In the United States, we spend millions of dollars of government money, often unsuccessfully, attempting to generate a link between art and community. In Trinbago, such arts spring as if from the soil itself: the narrow lanes of Belmont may now as often as not house folks who live apart from their neighbors, and yet at the corner of Clifford St. and Belmont Circular Road, a small steel band thrives each year in hope and expectation, until it falls silent after the preliminary pan competitions, which it never survives. Similar small panyards can be found in Port of Spain, Woodbrook, Diego Martin and throughout the island; children’s mas camps in front rooms of tiny houses. Competitions in schools, often impoverished schools, train students to write songs, draw carnival pictures, play pan, and develop a sense of national pride through the festival.
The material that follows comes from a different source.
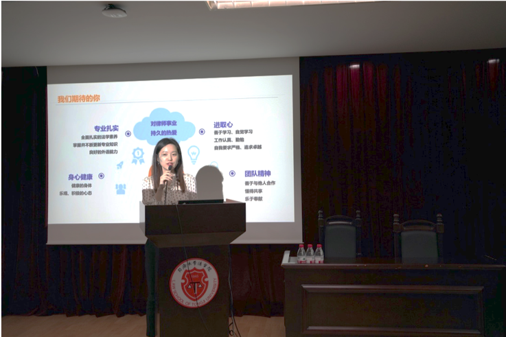 随后,贾明军律师团队成员张心仪律师围绕专业功底、身心健康、进取心、团队精神四个方面介绍了“红圈所”对求职者基本素养的要求,她认为,对律师事业持久的热爱才是在业界坚持与成功的关键要素。在交流中,她还与同学们分享了北京市中伦(上海)律师事务所招聘实习生和应届毕业生的基本要求、招考流程,并结合自身实习、求职的经历指出yl9193永利员工想要成为一名优秀律师的四要素是英语、实习、社交与法考。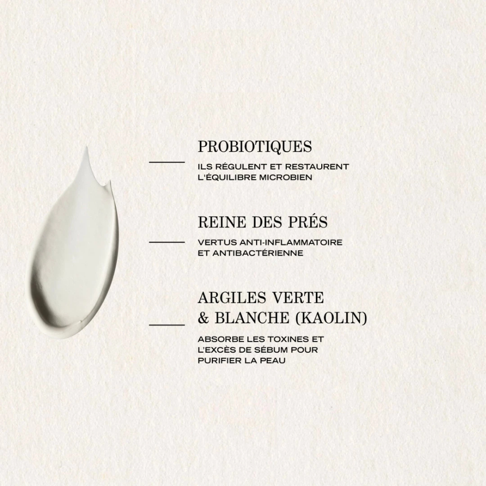 The mask's innovative probiotic technology works to regulate the skin's microbiome, while its unique clay complex helps to unclog and visibly tighten pores. With a luxurious creamy texture that rinses away effortlessly, it leaves skin feeling fresh and purified, delicately scented with fresh-cut leaves and white musk.

Indeed, the Michael K. Hall Community School in Tobago, which in 1998 won the Better Business Award as the best small business in the Republic of Trinidad and Tobago, uses Carnival arts along with other aspects of indigenous culture as a thematic center for teaching elementary aged school children the basic lessons they need to learn: mathematics, reading, social studies.

Governed, finally, by the laws of hospitality, which are always more courteous than the laws of production, Carnival welcomes its revellers to its feast, and so long as you don’t take foolish chances (such as wandering alone down quiet side streets, especially in the dark – exactly the warnings one would heed in the city at any time of year), you will be surprised at the degree to which the internal decorum of the event governs and limits the excess of the fete.